As debates about immigration, nationalism, and racism continue to escalate in Britain, the U.S., and around the world, we hope you’ll share Stuart Hall’s critical insights with your students.

Please take a minute to browse our entire collection of Hall videos below …

1. RACE, THE FLOATING SIGNIFIER

Stuart Hall offers an accessible and clarifying analysis of the social construction of race and racial difference. He explores how variations in people’s appearances come to be mistaken for essential differences. He traces how these misinterpretations function both to express and to reproduce dominant power relations. And he argues for more rigorous engagements with identity, representation, and contingency capable of acknowledging and respecting difference without essentializing it.
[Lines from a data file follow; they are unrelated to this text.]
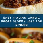 These Italian Garlic Bread Sloppy Joes combine the classic comfort of sloppy joes with the aromatic flavors of Italian garlic bread. Ground beef or Italian sausage is cooked with marinara sauce, Italian seasoning, and melted cheese, then served on crispy, buttery garlic bread rolls for a delicious twist on a family favorite sandwich.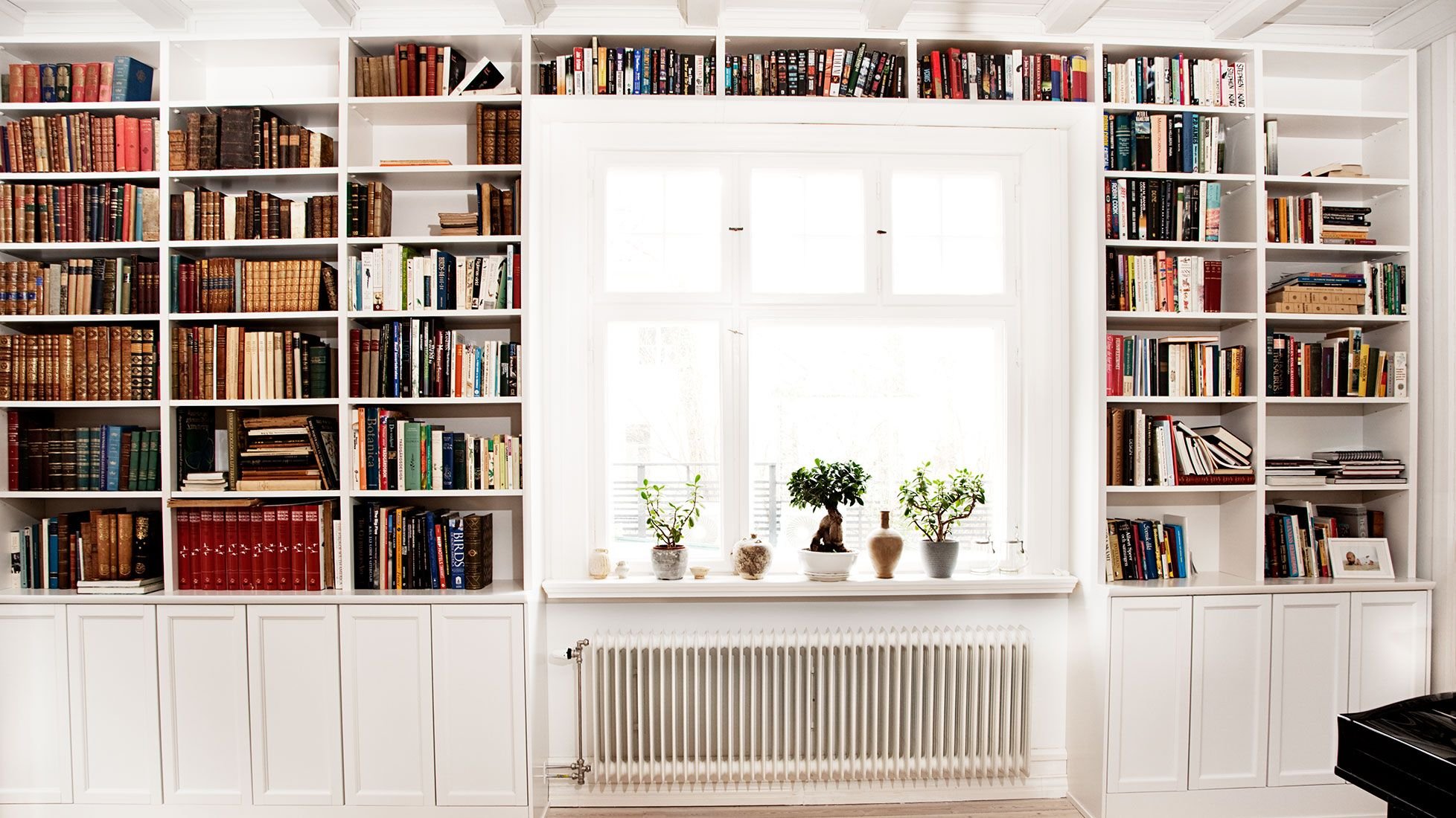 Книжные стеллажи вокруг окна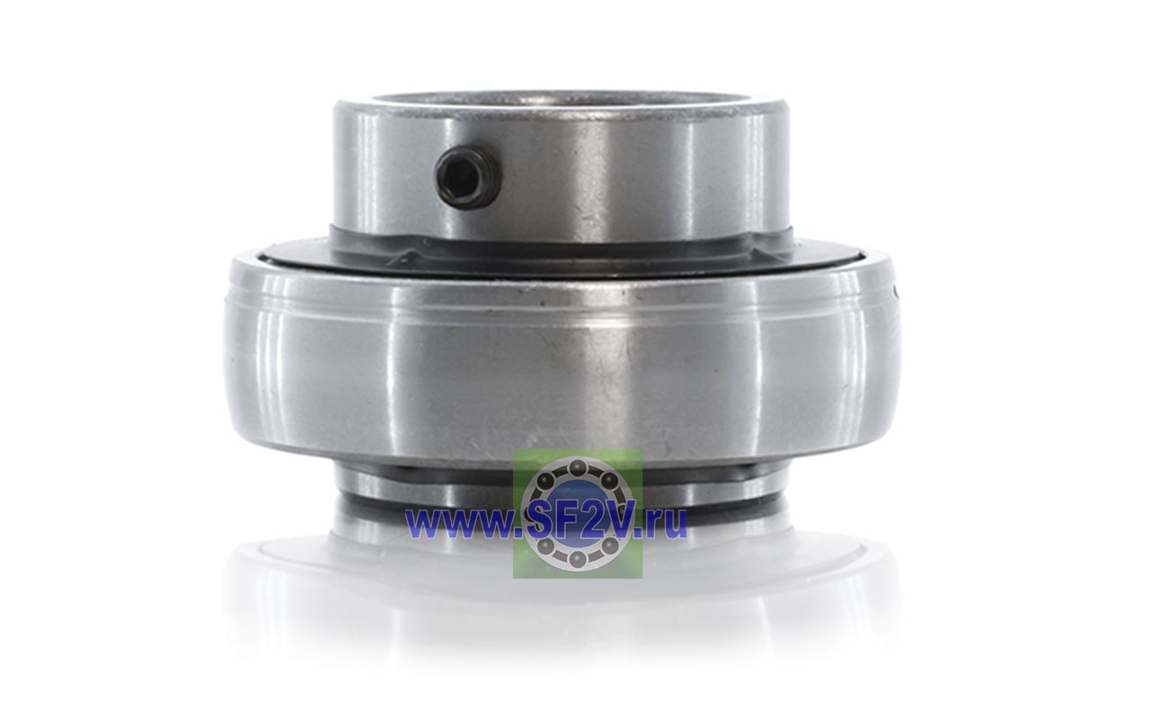 Шариковый подшипник, корпусной, закрытый с 2-х сторон. Крепление на вал с помощью затяжных болтов на внутреннем кольце. Подшипник типа UC – это корпусный подшипник, который используется для установки в корпусные подшипниковые узлы всех типов. Подшипник имеет сферическую наружную обойму, а корпус - сферическое посадочное отверстие. Такая конструкция позволяет подшипнику слегка перемещаться в корпусе, за счет чего компенсируется перекос вала или неточность монтажа. Крепление подшипника на валу осуществляется при помощи стопорных винтов. Кроме того, у такого подшипника есть специальные отверстия для замены смазки. Подшипники типа UC применяются в основном в качестве опор коротких валов, а также для тех мест установки, где возможно лишь небольшое тепловое линейное расширение. Осевые зазоры подшипника компенсируют небольшие удлинения вала. Подшипники типа UC применяются при нормальных нагрузках, низких или средних скоростях вращения.
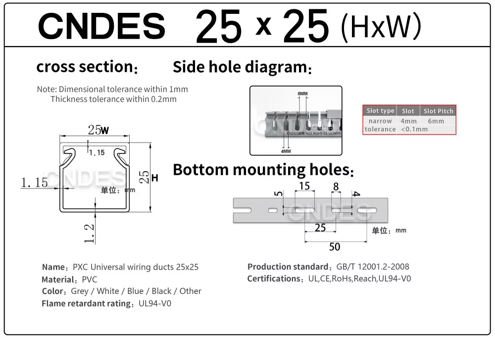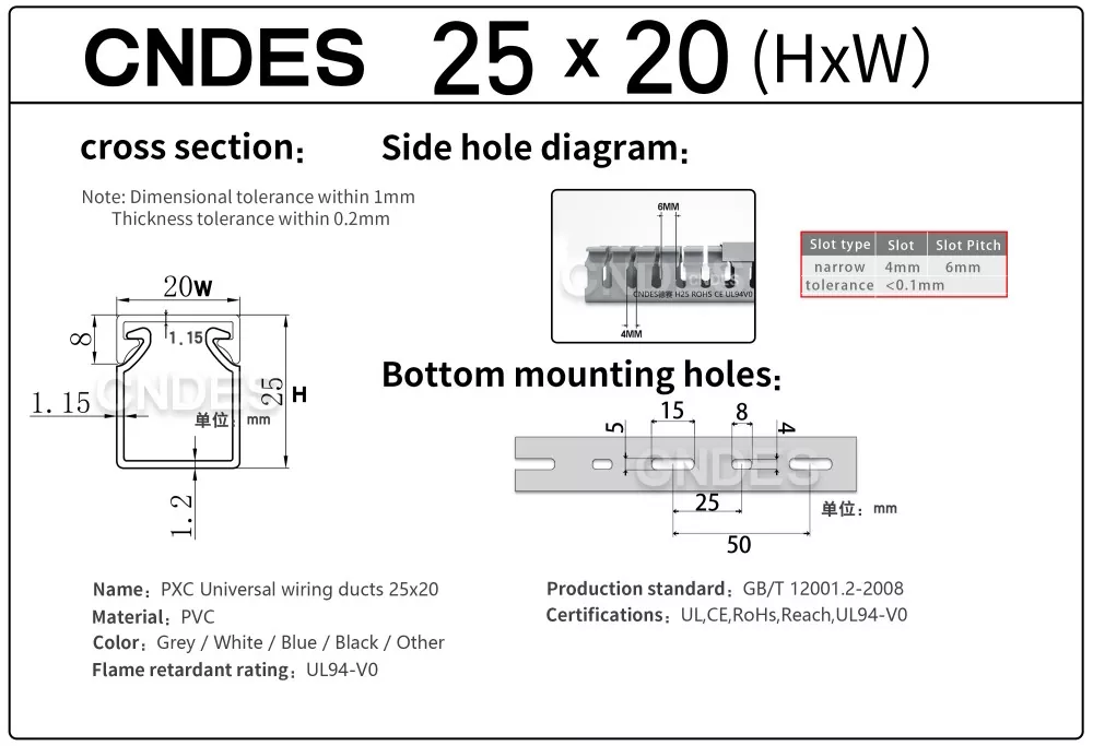 CNDES از طریق تجهیزات مهر زنی با دقت بالا به طور مستقل توسعه یافته، همراه با فرآیند برش خودکار منحصر به فرد، می تواند به طور انعطاف پذیر محصولاتی را با مشخصات متعدد، از جمله کانال های کنترل پنل کنترل شیاردار پی وی سی با کارایی بالا 25 میلی متری تولید کند که نیازهای متنوع مشتریان در کابینت های کنترل و سیستم های الکتریکی را برآورده می کند.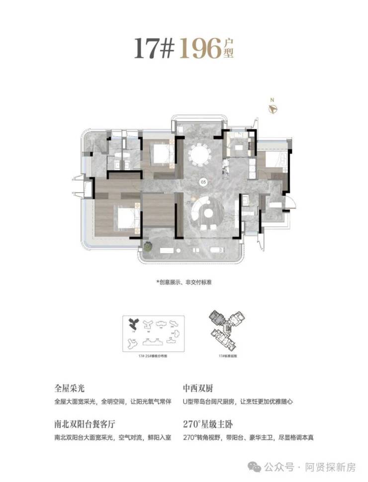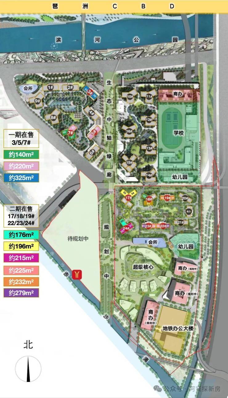 ——基本信息——【项目规模】占地共约24万m²/建面约98万m²【项目业态】24栋住宅、多栋商办,配建托儿所、幼儿园及中小学【项目户数】住宅共约1780户【在售产品】二期住宅17-24#176-279㎡新派科技豪宅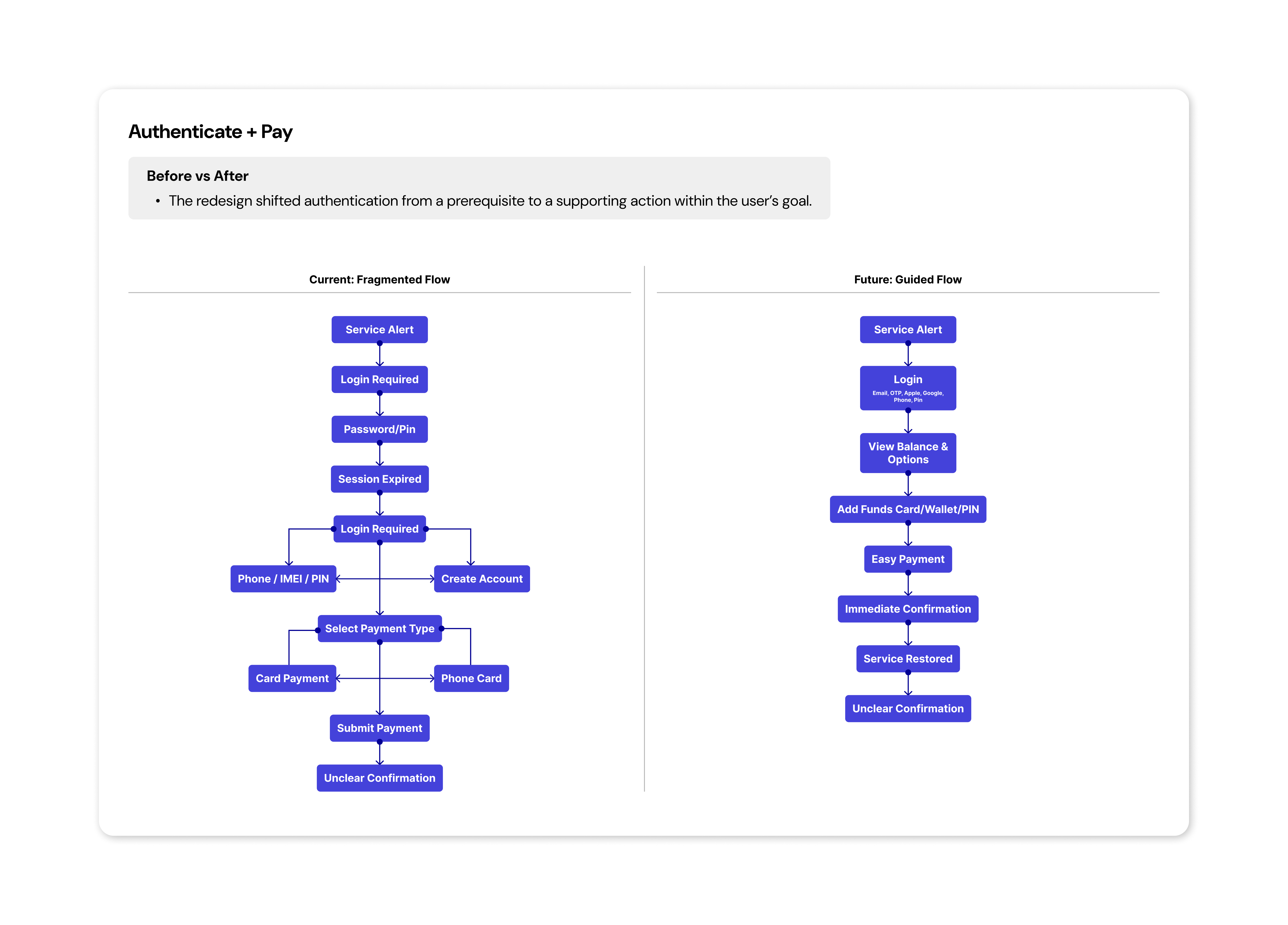 We mapped the end-to-end authentication and payment journey to identify where customers were blocked. The issue was continuity — users were forced to authenticate before completing an urgent task.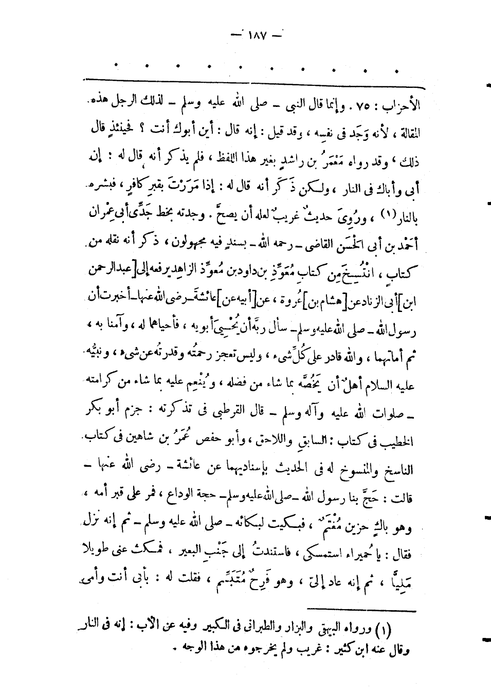 الْأَحْزَابَ: 75. وَإِنّمَا قَالَ النّبِيّ- صَلَّى اللَّهُ عَلَيْهِ وَسَلَّمَ- لِذَلِكَ الرّجُلِ هَذِهِ الْمَقَالَةَ، لِأَنّهُ وَجَدَ فِي نَفْسِهِ، وَقَدْ قِيلَ: إنّهُ قَالَ: أَيْنَ أَبُوك أَنْتَ؟ فَحِينَئِذٍ قَالَ ذَلِكَ، وَقَدْ رَوَاهُ مَعْمَرُ بْنُ رَاشِدٍ بِغَيْرِ هَذَا اللّفْظِ، فَلَمْ يَذْكُرْ أَنّهُ قَالَ لَهُ: إنّ أَبِي وَأَبَاك فِي النّارِ، وَلَكِنْ ذَكَرَ أَنّهُ قَالَ لَهُ: إذَا مَرَرْت بِقَبْرِ كَافِرٍ، فَبَشّرْهُ بِالنّارِ «1» ، وَرُوِيَ حَدِيثٌ غَرِيبٌ لَعَلّهُ أَنْ يَصِحّ. وَجَدْته بِخَطّ جَدّي أَبِي عِمْرَانَ أَحْمَدَ بْنِ أَبِي الْحَسَنِ الْقَاضِي- رَحِمَهُ اللهُ- بِسَنَدِ فِيهِ مَجْهُولُونَ، ذَكَرَ أَنّهُ نَقَلَهُ مِنْ كِتَابٍ، اُنْتُسِخَ مِنْ كِتَابِ مُعَوّذِ بْنِ دَاوُدَ بْنِ مُعَوّذِ الزّاهِدِ يَرْفَعُهُ إلى [عبد الرحمن ابْنُ] أَبِي الزّنَادِ عَنْ [هِشَامِ بْنِ] عُرْوَةَ، عَنْ [أَبِيهِ عَنْ] عَائِشَةَ- رَضِيَ اللهُ عَنْهَا- أَخْبَرَتْ أَنّ رَسُولَ اللهِ- صَلَّى اللَّهُ عَلَيْهِ وَسَلَّمَ- سَأَلَ رَبّهُ أَنْ يُحْيِيَ أَبَوَيْهِ، فَأَحْيَاهُمَا لَهُ، وَآمَنَا بِهِ، ثُمّ أَمَاتَهُمَا، وَاَللهُ قَادِرٌ عَلَى كُلّ شَيْءٍ، وَلَيْسَ تَعْجَزُ رَحْمَتُهُ وَقُدْرَتُهُ عَنْ شَيْءٍ، وَنَبِيّهُ عَلَيْهِ السّلَامُ أَهْلٌ أَنْ يَخُصّهُ بِمَا شَاءَ مِنْ فَضْلِهِ، وَيُنْعِمَ عَلَيْهِ بِمَا شَاءَ مِنْ كَرَامَتِهِ- صَلَوَاتُ اللهِ عَلَيْهِ وَآلِهِ وَسَلّمَ- قَالَ الْقُرْطُبِيّ فِي تَذْكِرَتِهِ: جَزَمَ أَبُو بَكْرٍ الْخَطِيبُ فِي كِتَابِ: السّابِقِ وَاللّاحِقِ، وَأَبُو حَفْصٍ عُمَرُ بْنُ شَاهِينَ فِي كِتَابِ النّاسِخِ وَالْمَنْسُوخِ لَهُ فِي الْحَدِيثِ بِإِسْنَادَيْهِمَا عَنْ عَائِشَةَ- رَضِيَ اللهُ عَنْهَا- قَالَتْ: حَجّ بِنَا رَسُولُ اللهِ- صَلّى اللهُ عَلَيْهِ وَسَلّمَ- حجة الوداع، فمز عَلَى قَبْرِ أُمّهِ، وَهُوَ بَاكٍ حَزِينٌ مُغْتَمّ، فَبَكَيْت لِبُكَائِهِ- صَلَّى اللَّهُ عَلَيْهِ وَسَلَّمَ- ثُمّ إنّهُ نَزَلَ فَقَالَ: يَا حُمَيْرَاءُ اسْتَمْسِكِي، فَاسْتَنَدْت إلَى جَنْبِ الْبَعِيرِ، فَمَكَثَ عَنّي طَوِيلًا مَلِيّا، ثُمّ إنّهُ عَادَ إلَيّ، وَهُوَ فَرِحٌ مُتَبَسّمٌ، فقلت له: بأبى أنت وأمى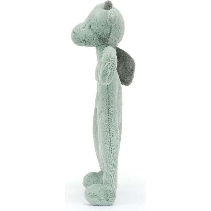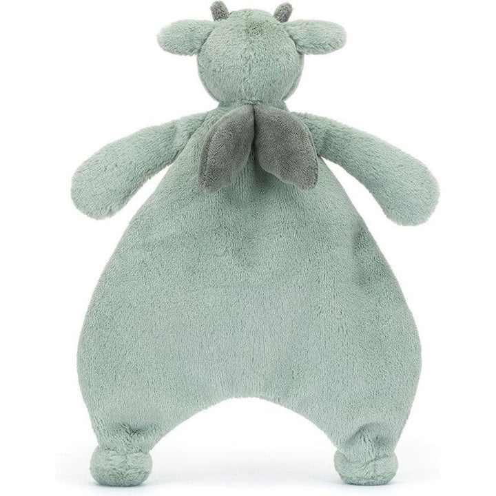 Introducing the Bashful Dragon Comforter, soft in a mossy-green hue and made from recycled fibres. Our most loved dragon companion has suedette wings and horns and embroidered eyes and nostrils. Designed for little hands to grab its arms and feet and an un-stuffed tummy to cuddle. There is nothing scary or scaly about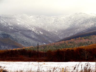 Он там, вдали. Это самый высокий пик южной части Сахалина.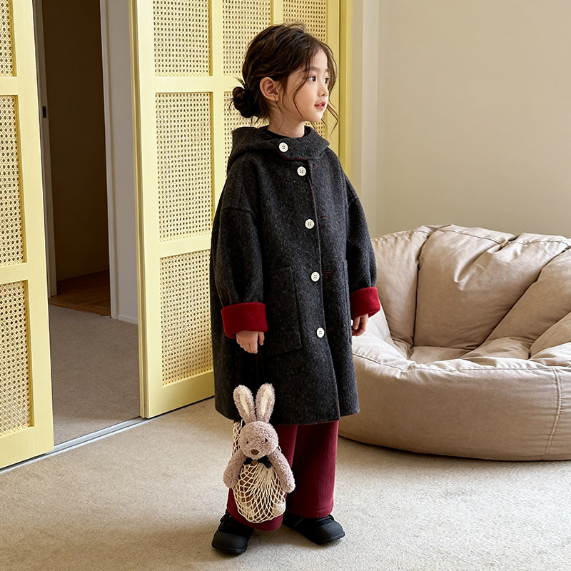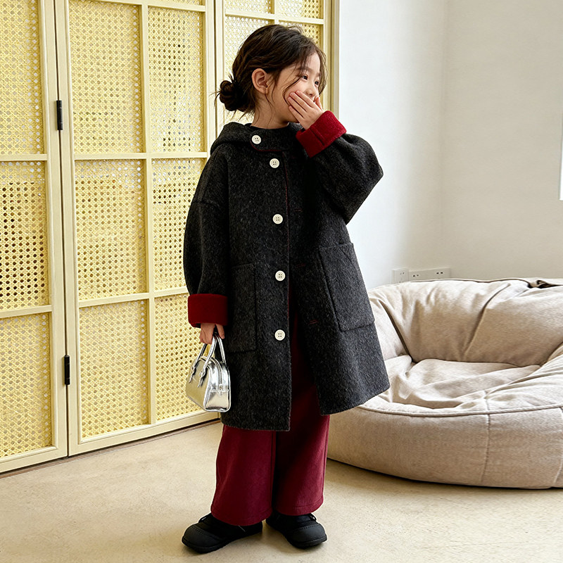 女款冬季连帽长款双面呢大衣外套2025年新款中大儿童加绒保暖衣服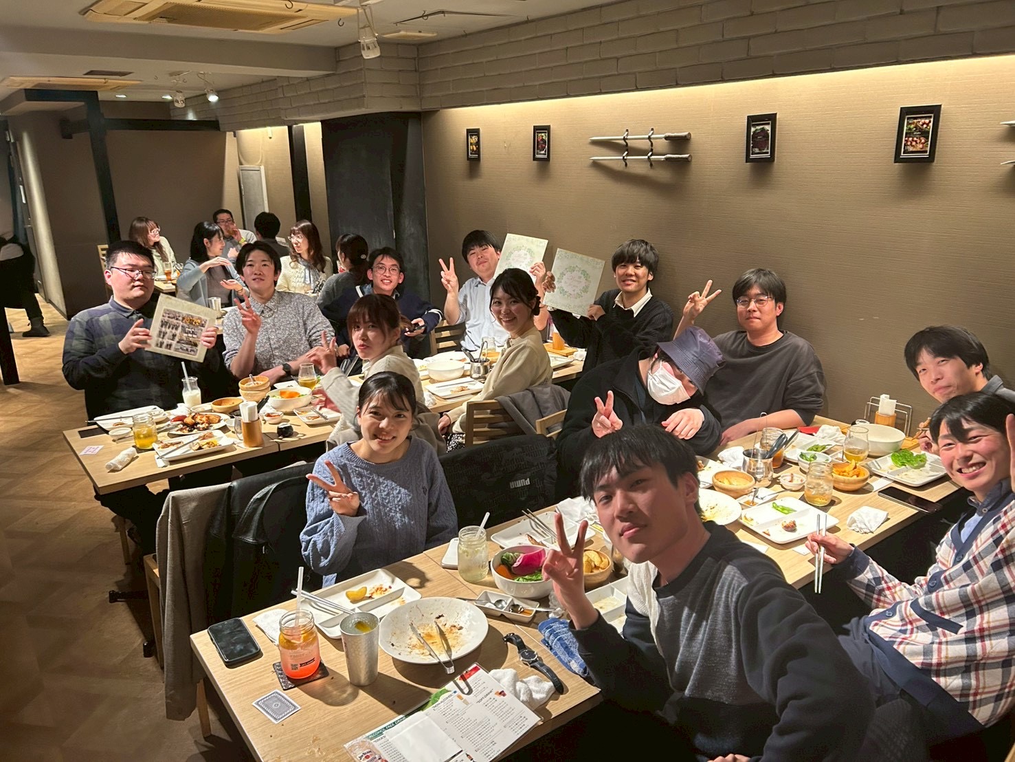 飲み会の最中、ご卒業された先輩方の宇那木さん、上山さん、Daiさんにサプライズで寄せ書きをプレゼントさせて頂いた様子。皆からの熱いメッセージに感動されていました。

An ideal introduction to how cultural studies intervenes in debates about race, representation, identity, and power.

2. THE LAST INTERVIEW

In this interview conducted shortly before his death in 2014, Stuart Hall, one of the seminal figures in cultural studies, talks about his classic work Policing the Crisis, describes the political, symbolic, and material concerns that animated cultural studies in the 1970s, and offers a critical assessment of the field today. He then turns his attention to the always shifting terrain of race and identity in the United States and Britain, offering fascinating cultural and political insights into the presidency of Barack Obama and the 2012 Olympics in London. While Hall was physically ill for much of his later life, this final interview provides powerful testimony that his formidable intellect, sense of humor, and willingness to engage with the gritty realities of politics and power never deserted him. An absolutely essential resource for anyone interested in cultural studies.

3. REPRESENTATION & THE MEDIA

Cultural theorist Stuart Hall offers an extended meditation on representation. Moving beyond the accuracy or inaccuracy of specific representations, Hall argues that the process of representation itself constitutes the very world it aims to represent, and explores how the shared language of a culture, its signs and images, provides a conceptual roadmap that gives meaning to the world rather than simply reflecting it. Hall’s concern throughout is the centrality of culture to the shaping of our collective perceptions, and how the dynamics of media representation reproduce forms of symbolic power.

4. THE ORIGINS OF CULTURAL STUDIES

In this re-mastered lecture from 1989, Stuart Hall provides an extraordinarily clear summary of the origins of cultural studies. Hall discusses the founding of cultural studies at the University of Birmingham, the field’s baseline concern with issues of symbolic representation and power, and how cultural studies ultimately gained an institutional foothold at the “frontiers of intellectual and academic life by testing the fine line between intellectual rigor and social relevance.” An excellent introduction to Hall’s work, and to the broader social, political, and economic concerns that have shaped cultural studies.

5. PERSONALLY SPEAKING

Stuart Hall is a foundational figure in the influential interdisciplinary field known as cultural studies. In this stimulating and eloquent four-hour interview, conducted by the literary journalist Maya Jaggi and directed by Mike Dibb, Hall reflects on his life and career, talking personally and in depth about the trajectory of his work and how it has intersected with broader political movements. In a conversation both intimate and sweeping in scope, Hall describes his migration from Jamaica to England, his immersion in left-wing politics in London, the influence of Raymond Williams and E.P. Thompson on the evolution of his thought, and the context within which the early classic texts of cultural studies were written. Hall also shares his pessimism about the economic recession and his optimism about Barack Obama’s victory. Future analysis of Hall’s work, and of cultural studies in general, will need to take account of this fascinating and indispensable first-person account of his life and ideas. Broken into short sections to facilitate use in the classroom.